Ollama Service — Full Configuration & Performance Manual

Learn how to install and configure Ollama for optimal performance. This guide covers setup, model storage, environment tuning, and key tips to keep your AI workflows efficient and stable.

Ollama Service — Full Configuration & Performance Manual

1. Goals & scope

This manual gives you everything needed to:

  • Move Ollama model storage to another disk or path.
  • Apply persistent environment variables on Windows, macOS, and Linux.
  • Configure Ollama to best use dual GPUs and many CPU cores (NUMA-aware).
  • Run multiple Ollama servers (one per GPU) for best throughput.
  • Safely edit systemd service overrides and avoid common errors.
  • Monitor, validate and troubleshoot after changes.

Where I cite a command or behavior, the source is the official docs or a well-documented community thread. (docs.ollama.com)

2. Overview: What configuration controls Ollama behavior

Key knobs you will use:

  • OLLAMA_MODELS — tells Ollama where to download / store models.
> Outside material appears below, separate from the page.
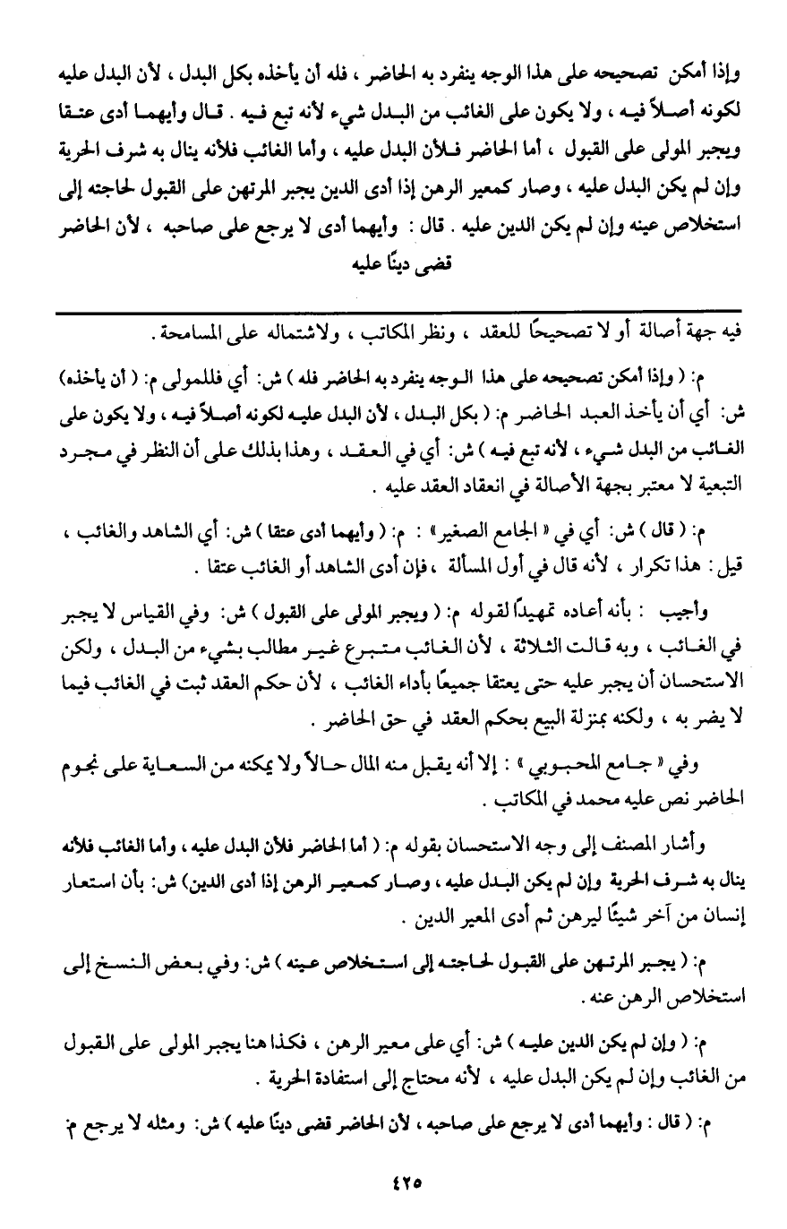 ـــــــــــــــــــــــــــــQفيه جهة أصالة أو لا تصحيحا للعقد، ونظر المكاتب، ولاشتماله على المسامحة.
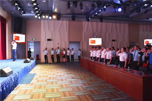 大会在庄严的国歌声中开幕,新发展党员入党宣誓、全体党员重温入党誓词,学校优秀共产党员周志锋领誓。

Change this to move storage off a small root disk.
  • OLLAMA_VISIBLE_DEVICES — restricts which GPU indices Ollama sees (or set to all / omit to use all).
  • OLLAMA_SCHED_SPREAD=1 — instructs Ollama to try to spread model layers across GPUs (if possible). Useful when you want explicit spreading even if a model fits on a single GPU; not always faster due to PCIe traffic.
  • OLLAMA_NUM_THREAD — optional direct control for CPU threads. Usually auto-detected, but can be set for tuning.
  • CUDA_VISIBLE_DEVICES — lower-level CUDA control if you run multiple instances (common pattern when you run one service instance per GPU).
  • GGML_CUDA_ENABLE_UNIFIED_MEMORY — a lower-level setting/hack that allows spilling GPU allocations to host memory (can help avoid OOM but has performance tradeoffs).
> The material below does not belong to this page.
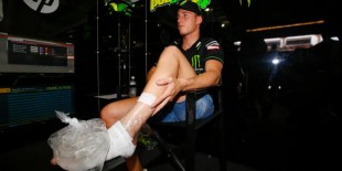 Pebalap Yamaha Tech3, Pol Espargaro, mengalami retak tulang metatarsal kedua pada kaki kiri akibat kecelakaan pada sesi latihan bebas ketiga GP Malaysia di Sirkuit Sepang, Sabtu (25/10/2014).

You’ll apply these as environment variables for the Ollama process (via system environment variables on Windows, launchctl / plist on macOS, or systemd override file on Linux) and restart Ollama. Official docs recommend OLLAMA_MODELS for relocating models and prefer systemd override for Linux service customization.
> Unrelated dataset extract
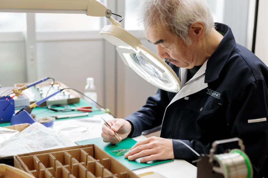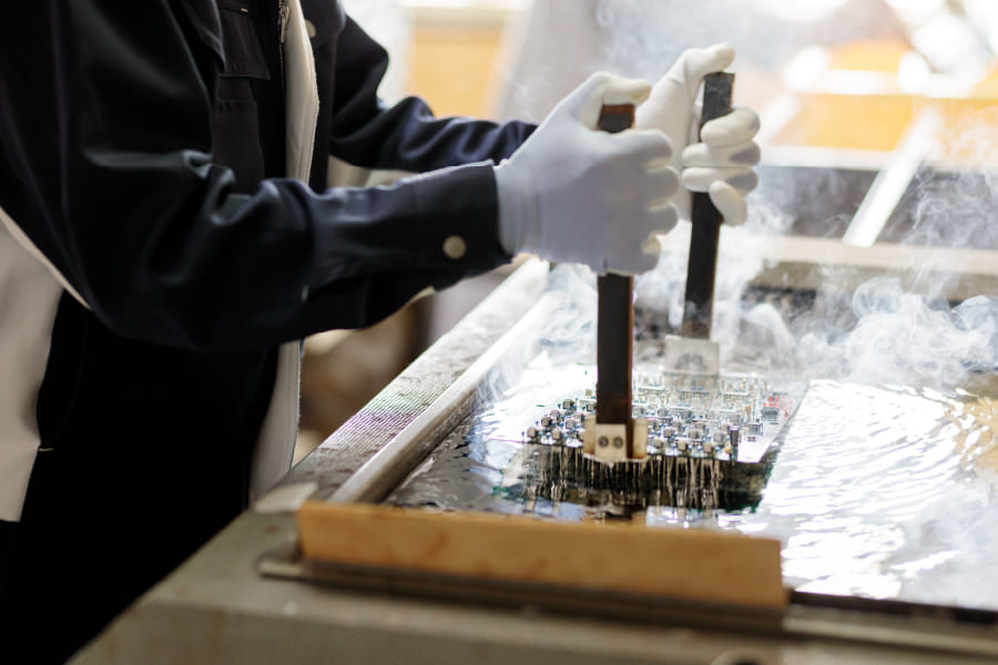 はんだ付け作業は、はんだ槽に付けすぎると基盤が全てだめになってしまうので加減が大切です。トヤソニックでは30年以上の経験を持つ職人が対応させていただきます。

3. Change model directory (OLLAMA_MODELS) — step-by-step

Why: move models to a big disk (eg. NVMe or mounted volume), avoid filling /.

3.1 Windows (GUI method)

  1. Quit Ollama: right-click tray icon → Quit.
  2. Open System Environment Variables: Start → type environment variablesEdit the system environment variables.
  3. Click Environment Variables… under System Properties.
  4. In System variables, click New… (or select existing OLLAMA_MODELS and Edit).
    • Name: OLLAMA_MODELS
    • Value: e.g. D:\OllamaModels
  5. OK → close dialogs. Restart machine or just log out/in so services/in-process apps pick env changes.
  6. Start Ollama from Start Menu. Validate that models download to the new path.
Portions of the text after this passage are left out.